Yes, but when I get strict, my child starts crying and it just breaks my heart!
Just remember that teaching valuable life skills is the reason why you’re imposing limits upon your child’s actions. This lesson will help your child:
- learn to follow rules;
- cope with feelings of frustration when he’s upset and under stress;
- express his opinions and frustrations in an acceptable way; and
- take responsibility for the choices he makes.
While we all wish for an easy, trouble-free and enjoyable learning experience, we all realize it’s not always the case. Your job as a parent is neither about ALWAYS pleasing your child, nor it is about ALWAYS doing everything you can to put a smile upon your child's angel face. Nobody is happy all the time, but we sure can learn how to cope with adversity and have faith in the future. In the midst of all that crying and shouting, remember that you are a parent guiding a child through learning experiences. It’s not at all that YOU are the cause of all that crying; rather, it’s the choice HE made and the awareness of the consequences associated with his choice.
Consistency and coherence
Although you make a point of giving your child a choice and taking the time to make sure your rules are clear, if you lack consistency and coherence in your discipline and expectations, the unwanted behaviours you are trying to stamp out will persist. It is essential that your child can anticipate your reaction.
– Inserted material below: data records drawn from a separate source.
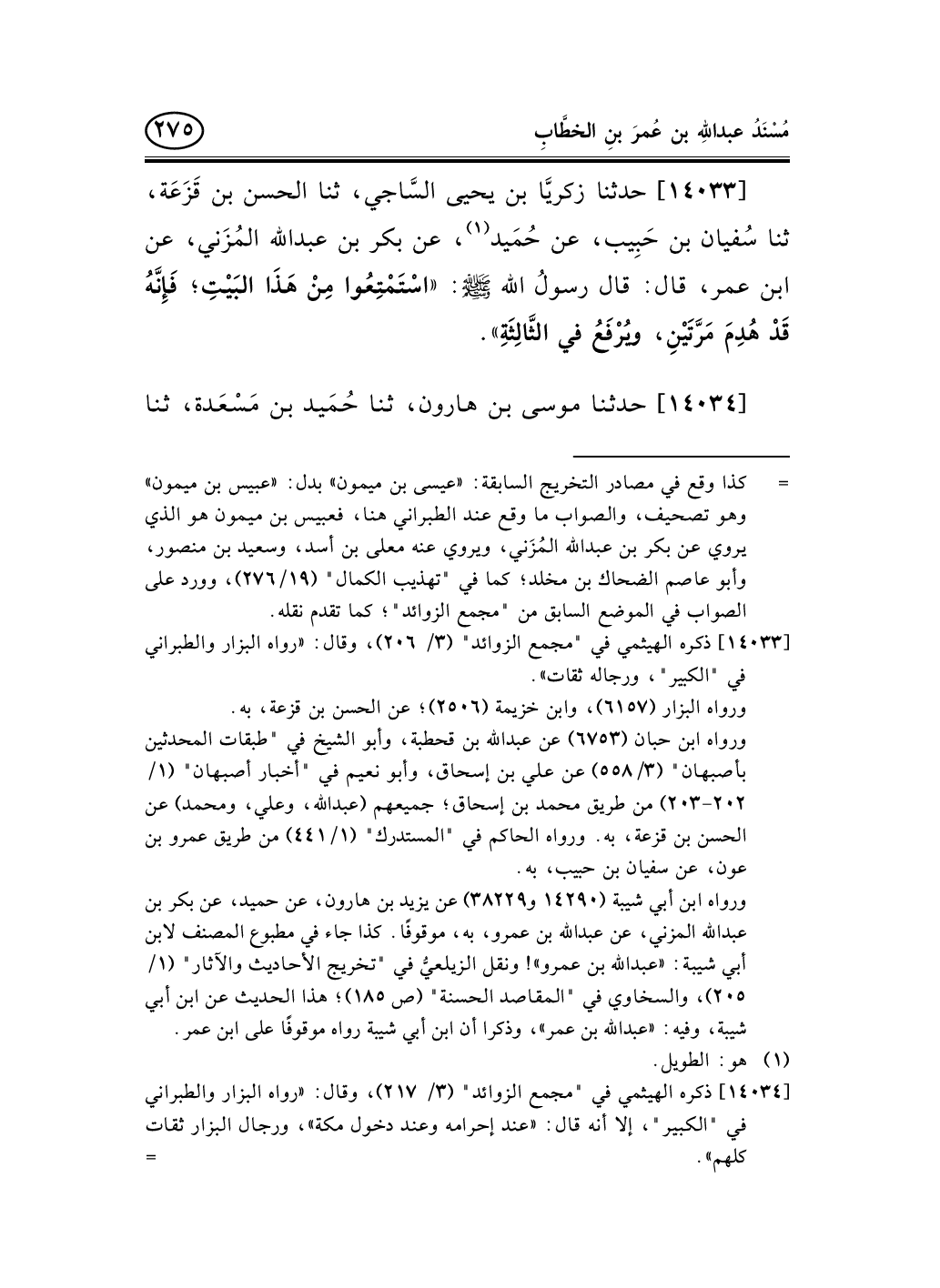 14033 - حدثنا زكريَّا بن يحيى السَّاجي، ثنا الحسن بن قَزَعَة، ثنا سُفيان بن حَبِيب، عن حُمَيد (¬1) ، عن بكر بن عبد الله المُزَني، عن ابن عمر، قال: قال رسولُ الله صلى الله عليه وسلم: «اسْتَمْتِعُوا مِنْ هَذَا البَيْتِ؛ فَإِنَّهُ قَدْ هُدِمَ مَرَّتَيْنِ، ويُرْفَعُ في الثَّالِثَةِ» .
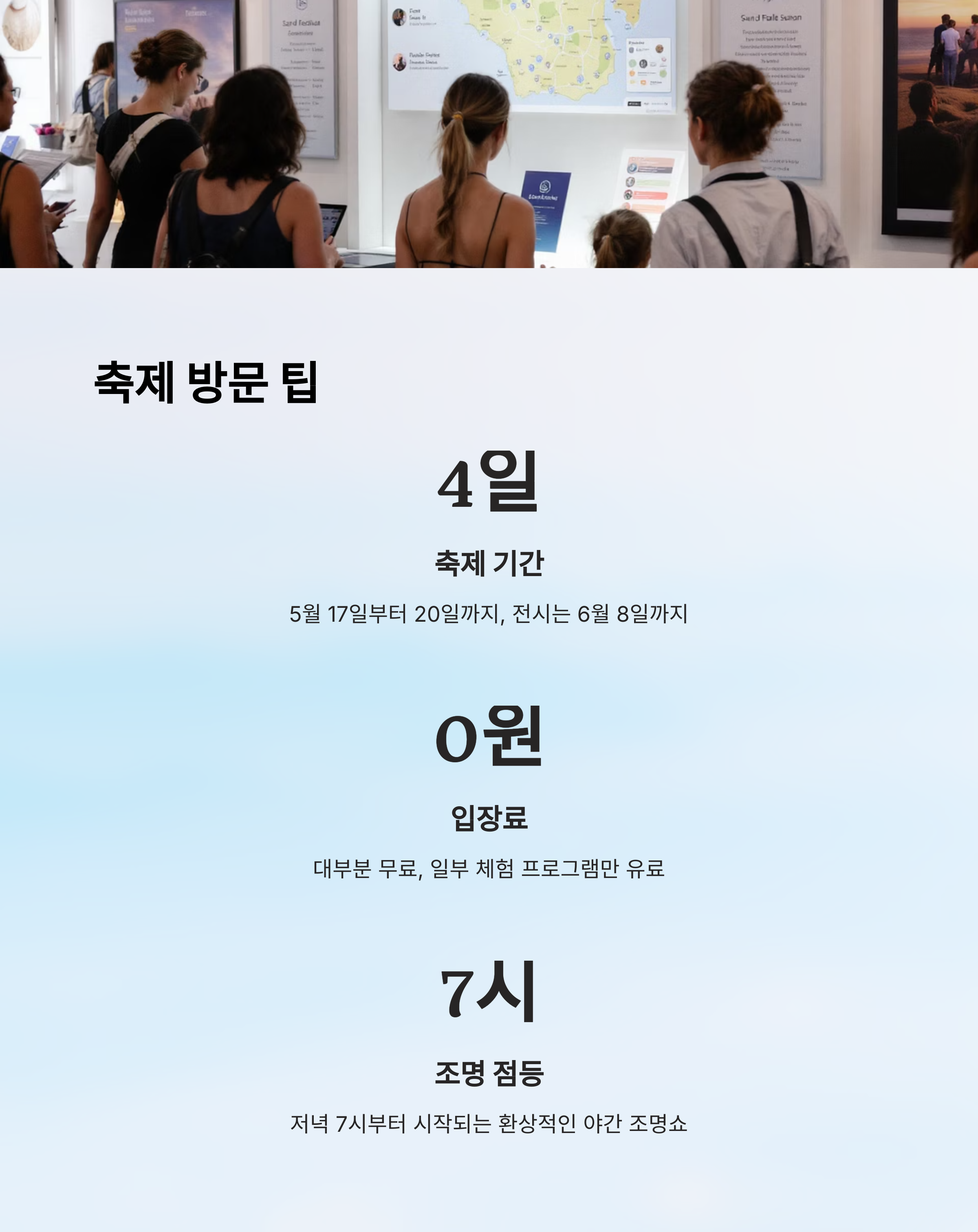 내가 생각했을 때 이 축제는 단순한 '볼거리'가 아니라, 도심에서 자연과 예술을 동시에 체험할 수 있는 진정한 '경험형 축제'라고 느껴졌어요. 누구나 모래 위에 자신의 추억을 새길 수 있으니까요.
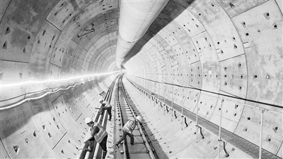 4月10日,位于湖州市德清县武康街道的杭德市域铁路建设现场,中铁八局的工人在隧道里施工作业。在现场,5台“挖掘神器”——大型智能盾构机不间断作业,已累计掘进长度3800多米。
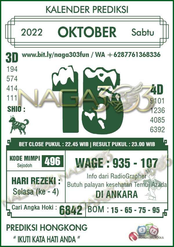 Prediksi Hongkong Pools Sabtu 15 Oktober 2022 | Web Toto Naga303

Have your child learn to bond with you
One of the most effective ways to bond with your child is by spending quality time with him. The closer you are to your child, the more he’ll try to please you. The best moments are often the simplest, just like the time you spend playing his favourite game, tickling, tinkering, and cooking, and so on.
Unfortunately, there is no miracle formula to eliminate the “Terrible Two.” Despite your focus on establishing a number of habits, this stage is always a tough time to get through, even for your little angel crowned with horns! You will surely need to be patient and plan time away from the children.